As also shown in Table 2, the best and nearest comparable prior art fire retardant composition ("DRICON") , Example E, has a B:P weight ratio less than 0.5:1, whereas the compositions of the invention as shown in Table 1 have a B:P weight ratio over 3:1, i.e. over 6 times greater. Similarly, on the basis of weight percent of retained fire retardant, in

terms of equivalent boric acid and phosphoric acid, the boric acid/phosphoric acid ratio, for the phosphoric acid-containing Examples 2 and 3, is about 7-8 times greater than that for Example E.

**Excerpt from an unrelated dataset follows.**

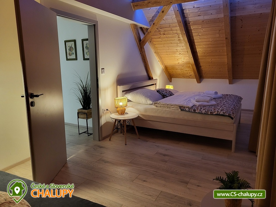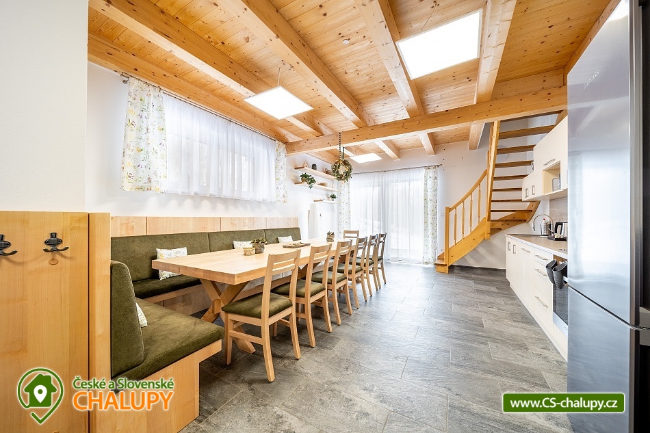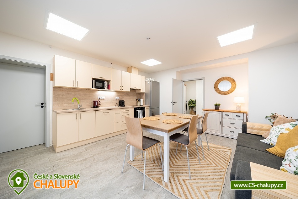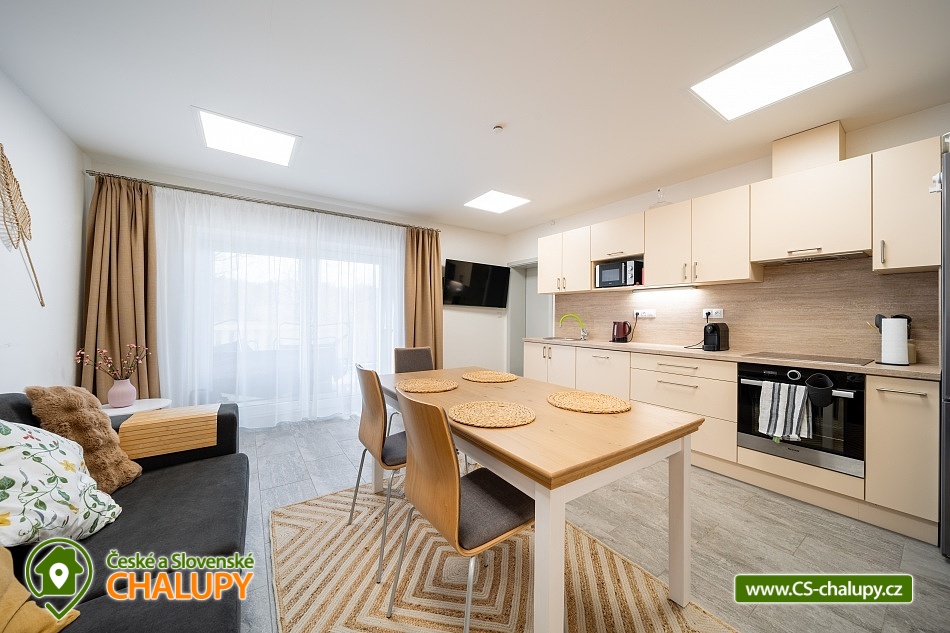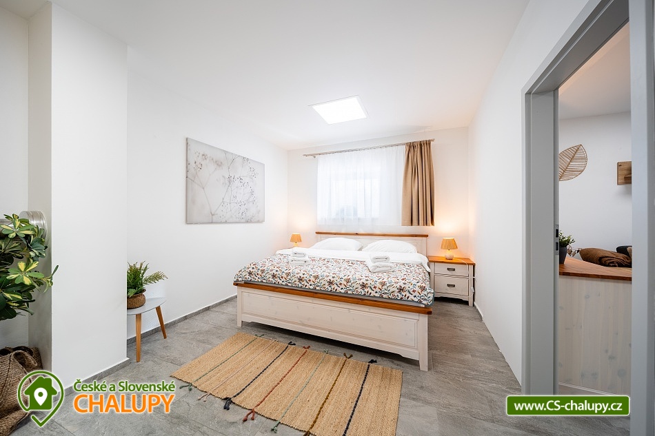 Chata Pasečná se nachází v obci Přední Výtoň u jezera Lipno a nedaleko měst Vyšší Brod a Český Krumlov. Nabízí luxusní soukromí uprostřed šumavské přírody v areálu Resortu Pasečná s možností využití wellness včetně 2 hodin privátního pronájmu sauny v ceně pobytu. Stylově zařízený chalet se nachází jen pár minut od Lipna a malebného Frymburku a nabízí komfortní ubytování až pro 14 osob ve čtyřech samostatných ložnicích (2x čtyřlůžková ložnice, 2x dvoulůžková ložnice a rozkládací pohovka pro 2 osoby v obývacím prostoru). Ideální pro rodiny, přátele i menší firemní skupiny. Chata je rozdělena na dva apartmány. Apartmán I: Stylový apartmán v přízemí nabízí pohodlné ubytování až pro 4 osoby. Disponuje útulnou ložnicí s manželskou postelí a vlastní koupelnou (sprchový kout, umyvadlo, WC), prostorným obývacím prostorem s plně vybavenou kuchyní (nádobí, lednice, mrazák, rychlovarná konvice, varná deska, trouba, mikrovlnná trouba a kávovar) a pohodlnou rozkládací pohovkou pro dvě osoby. Součástí apartmánu je také terasa s posezením, ideální pro ranní kávu nebo večerní relaxaci. APARTMÁN II: Rodinný apartmán se 3 ložnicemi v podkroví Chaletu nabízí komfortní ubytování pro větší rodinu nebo skupinu přátel s celkovou kapacitou až 10 osob. Dispozice apartmánu zahrnuje tři samostatné ložnice: Dvoulůžkový pokoj s oddělenými postelemi, vhodný například pro děti nebo přátele. Prostorný pokoj s manželskou postelí, rozkládací pohovkou a balkonem, ideální až pro 4 osoby. Další prostorný pokoj s manželskou postelí, rozkládací pohovkou a přímým vstupem na velkou terasu, která nabízí příjemné posezení s výhledem do okolní přírody - také vhodný až pro 4 osoby. Všechny pokoje v patře sdílejí společnou koupelnu se sprchovým koutem a WC. Hosté tohoto apartmánu mají navíc k dispozici společenskou místnost v přízemí chaletu, která je vybavena plně zařízenou kuchyní (nádobí, lednice, mrazák, rychlovarná konvice, varná deska, trouba, mikrovlnná trouba a kávovar), velkým jídelním stolem, pohodlným posezením a vstupem na venkovní terasu. Součástí přízemí je také druhá koupelna (se sprchovým koutem a WC), což výrazně zvyšuje komfort při pobytu více osob. Tento prostorný rodinný apartmán je skvělou volbou pro ty, kteří hledají pohodlí, soukromí a dostatek prostoru v klidném prostředí přírody. K dispozici Wi-fi, Smart TV, parkování přímo u objektu a okamžitý přístup na turistické trasy a cyklotrasy. Všichni ubytovaní mohou využívat zázemí Resortu: stylová restaurace, wellness zóna s koupacím sudem, dětské hřiště a lesopark, půjčovna sportovního vybavení - kola, elektrokola, běžky. V okolí doporučujeme navštívit: Stezku korunami stromů, hrad Vítkův kámen, přívoz ve Frymburku a Akvárium - Svět pod hladinou nebo cisterciácký klášter ve Vyšším Brodě. Možnosti koupání: vodní nádrž Lipno, aquapark Frymburk, aquapark Lipno, rybník Olšina. Blízká lyžařská střediska: Frymburk, Lipno. Těšíme se na Vás u nás.

Example 4 of Table 1 contains borax as well as boric acid. At an acceptable level of retained fire retardant (for example, 5.7 pounds per cubic foot as shown for the second test composition of Example 4) , the fire retardancy of such compositions is much less (58% fire tube weight loss) than the preferred compositions of this invention. This latter test illustrates the disadvantage of the use of metal salts such as borax in fire retardant compositions due to the action of such salts in reducing their effectiveness by deactivating boric acid as a fire retardant, on a mol-for-mol basis. While a sodium-containing formulation such as that of Example 4 can provide reasonable fire retardancy and satisfactorily low hygroscopicity and acidity, fire retardancy equal to that of the preferred compositions of this invention is possible only if the amount of fire retardant is increased to a level at which the impregnated wood becomes unacceptably dense and brittle — as shown in the first of .the two test compositions of Example 4. Although fire retardant performance of such compositions can be improved by increasing the amount of dicyandiamide and/or urea, higher than optimum retentions still are required.

In addition to the described technical advantages of the compositions of this invention as compared to "DRICON" type fire retardants, the new compositions also are substantially less costly than the "DRICON" compositions.